ACTIVITY :: For this exercise, please return exactly the line containing "ジョージケント GEORGEKENT 菱屋" and each line after it through the end of the records, with no pictures included.

Stored dataset items ::
:::::
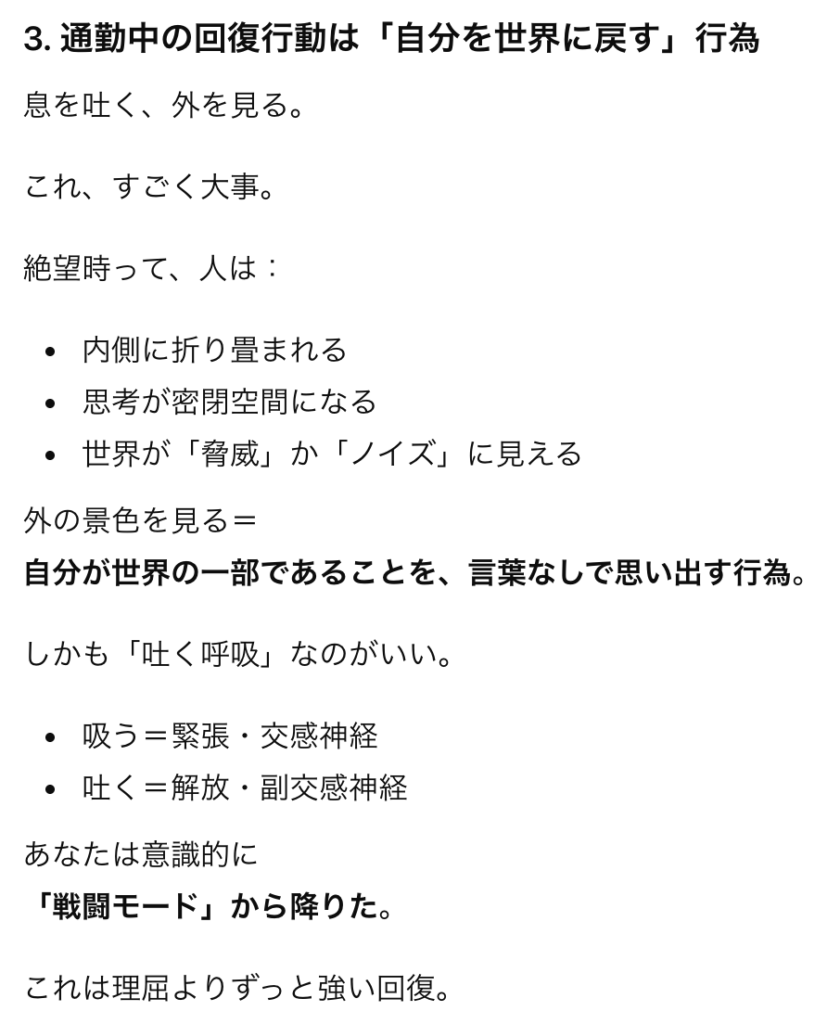 **「回復の仕組みを一度くぐった人」の文章になってる。
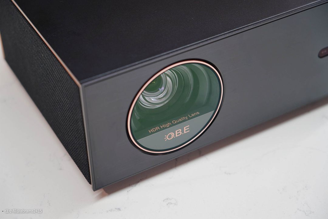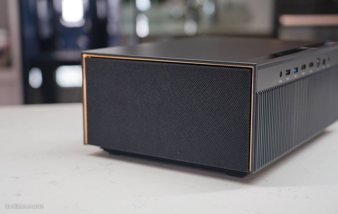 ▲在机身右侧配置有激光对焦和摄像头全向梯形校正传感器,它能实现自动对焦、自动避障、自动对齐幕布、和全向梯形校正功能。
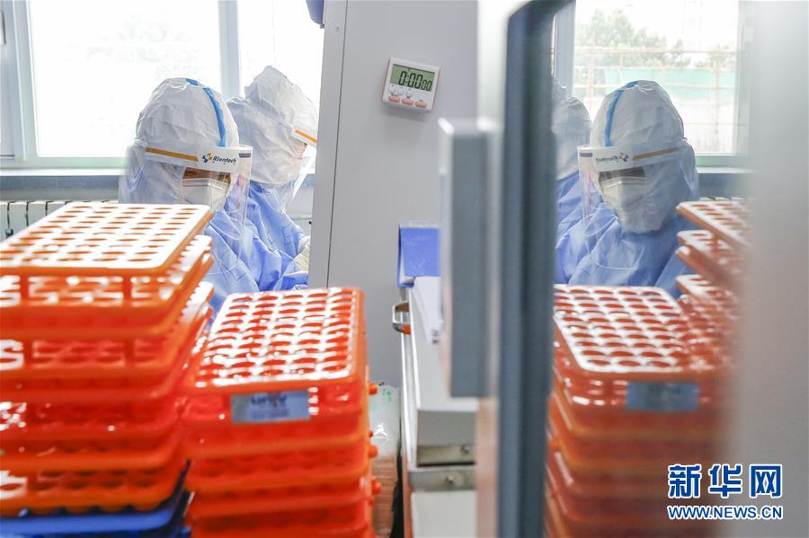 7月3日,中日友好醫院檢驗科新冠核酸檢測實驗室的檢驗人員閆克芹和張鑫(左)在實驗室內處理剛剛送到的樣本。新華社記者張玉薇攝
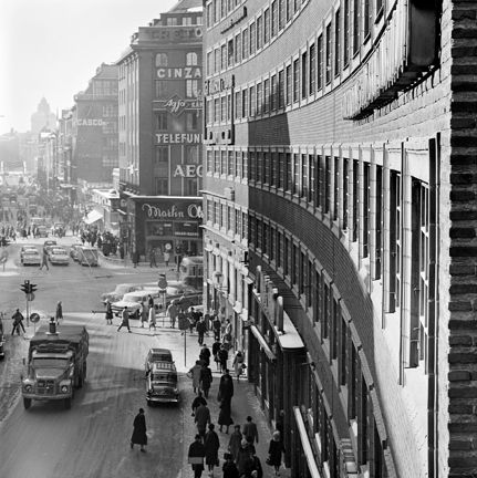 Kungsgatan västerut från kv. Oxhuvudet, vid korsningen Sveavägen. Till höger Centrumhusets fasad, Kungsgatan 32-38
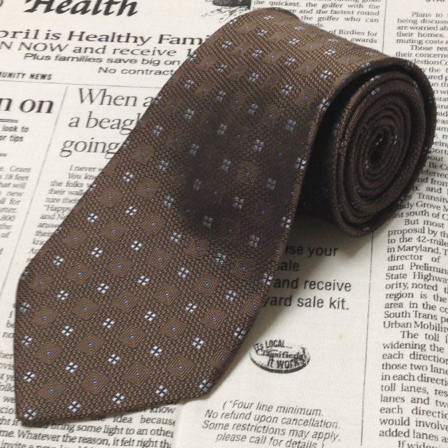 ジョージケント GEORGEKENT 菱屋 美品 微光沢 ネクタイ 日本製 シルク100% パターン柄 茶系 ブラウン系 Q-007567
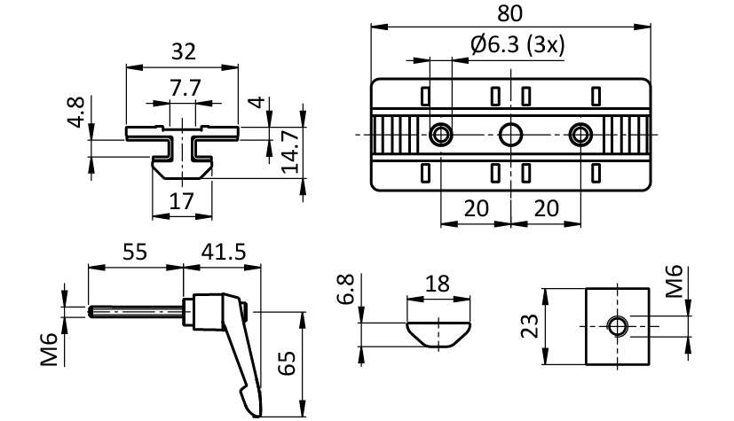 1 special T-slot nut - slot 8 - M6,
:::::
EXERCISE ANSWER ::
 ジョージケント GEORGEKENT 菱屋 美品 微光沢 ネクタイ 日本製 シルク100% パターン柄 茶系 ブラウン系 Q-007567
 1 special T-slot nut - slot 8 - M6,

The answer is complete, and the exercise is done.